I don't want NaCl / MinSFI specifically. I explicitly want to run outside the browser.

Agreed this mixes concerns: are we specifying the Web's security model? Is it OK to not follow that model?

from design.

BrendanEich avatar BrendanEich commented on June 15, 2024

You might underspecify a bit, to avoid dragging in too much relatively-recent/shifting stuff (CORS, CSP).

Dave Wagner (UCB) once said to me "I believe in object capabilities" and I know there's a cult-ish aspect but directionally he's right: integrity by least authority, safety first. Needs tools like type and other (semi-static) proof systems to scale up, Hobbit-y OCAP always goes wrong at scale because someone passes the DOM around (too convenient ;-).

That was a bit vague, sorry. I wanted to throw it out for consideration, anyway.

To swerve back to the concrete: properties like no ROP via control stack overwrite seem well worth keeping in constrained scope. I still don't have a formalized grip on all the safety properties at play, but I've been talking to Luke about it on the side a bit.

/be

from design.

lukewagner avatar lukewagner commented on June 15, 2024

If WebAssembly, the spec, doesn't provide a "trusted callstack", then even if we can say "no nasal demons", the majority of ops specified by the spec will not have deterministic semantics. E.g., Return won't mean "return to the caller", it will mean "jump anywhere" and GetLocal will mean "return anything".

It was suggested IRL by @jfbastien et al that we could go the ARM route of specifying "implementation-defined behavior". What that effectively means is that you cannot reason about your program given only the WebAssembly spec. Rather, you need to include a small additional spec provided by the "implementation" that says what happens when you evoke implementation-defined behavior. Effectively, the WebAssembly spec would be a spec template which had to be instantiated before use.

Given that the Web is the #1 primary use case here, I don't think we should make this eager generalization as it will bog down our reasoning and distract us from shipping a MVP.

Rather, here is a route I can see working:

  1. we start with a trusted callstack (and thus control-flow integrity, etc) in v.1
  2. non-Web environments that want to use a different security models can simply do so and be incorrect w.r.t the spec
  3. If such a non-Web environment gets enough momentum and real-world usage to justify the parameterization of the spec, we can do that in a backwards-compatible way (that doesn't change semantics for the Web); it would basically just be a reverse β reduction.

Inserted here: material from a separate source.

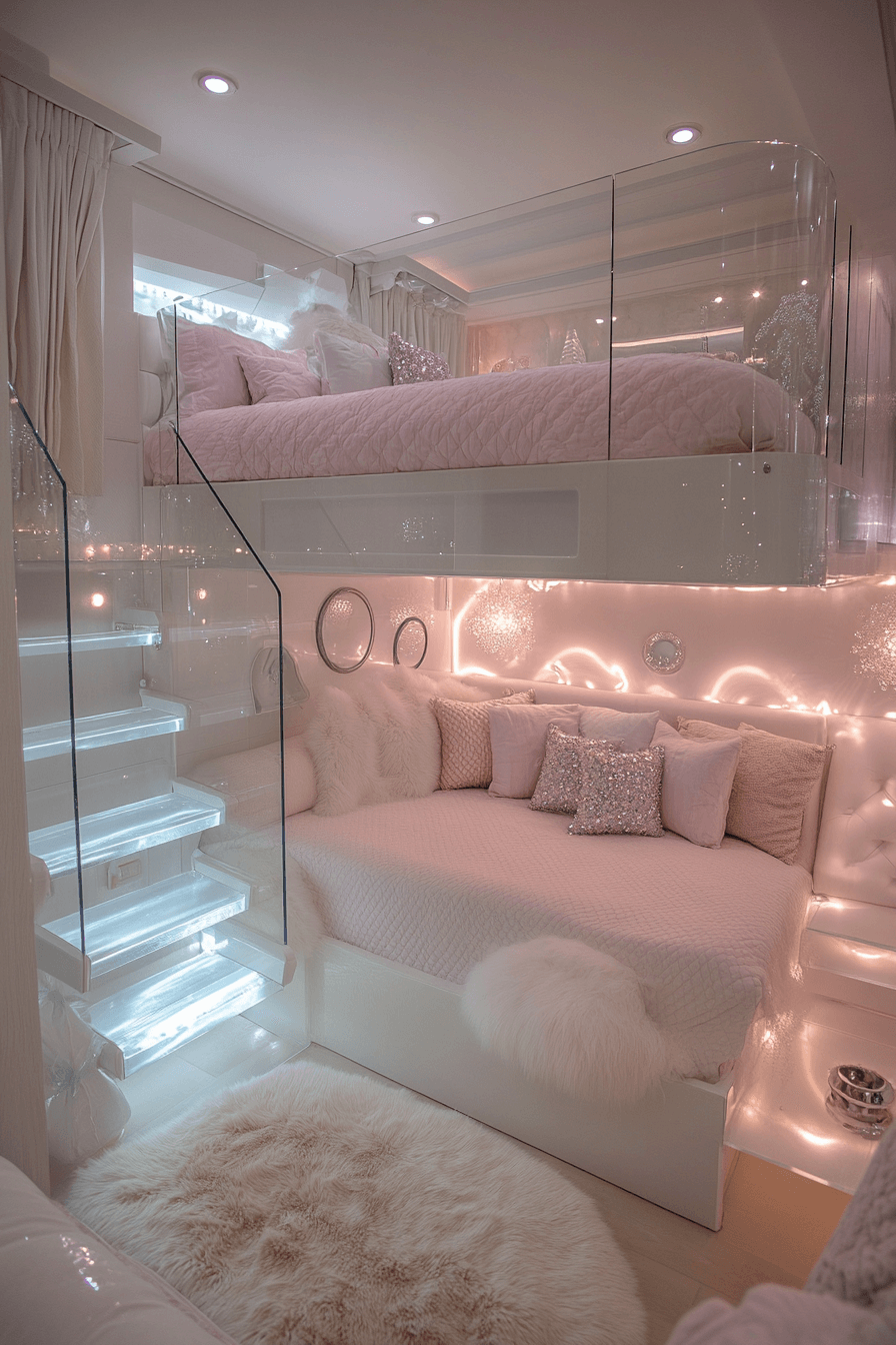 This sleek Luxury Kids Bedroom shines with acrylic furniture, glowing crystal lights, and reflective accents that brighten the room. Pale walls open the space visually, while a loft bed adds height and utility. Plush rugs and faux fur soften the contemporary feel.

The MVP model for v.1 suggests we take this route and avoid over-eager generalization; I don't see this leading us down a path that inhibits the later generalization via parameterization.

from design.

lukewagner avatar lukewagner commented on June 15, 2024

Oh, but to answer the question in the issue's title: "Yes, totally". We state this in HighLevelGoals.md and have a specific section in V1.md. [Edit: oops, I was going off the issue title in my email: "Can Web Assembly run outside browsers?". I see the title has changed]

from design.

sunfishcode avatar sunfishcode commented on June 15, 2024

"The Web's security model" covers things like CORS and lots of API-specific concerns which are great to talk about, but they're sufficiently independent topics, so we don't need to let them defocus us here.

"Run outside the browser" has been in the high-level goals from the very beginning, and there are already several interesting discussions happening elsewhere about APIs, feature testing, dynamic libraries, and so on, so we don't need to let that defocus us here either.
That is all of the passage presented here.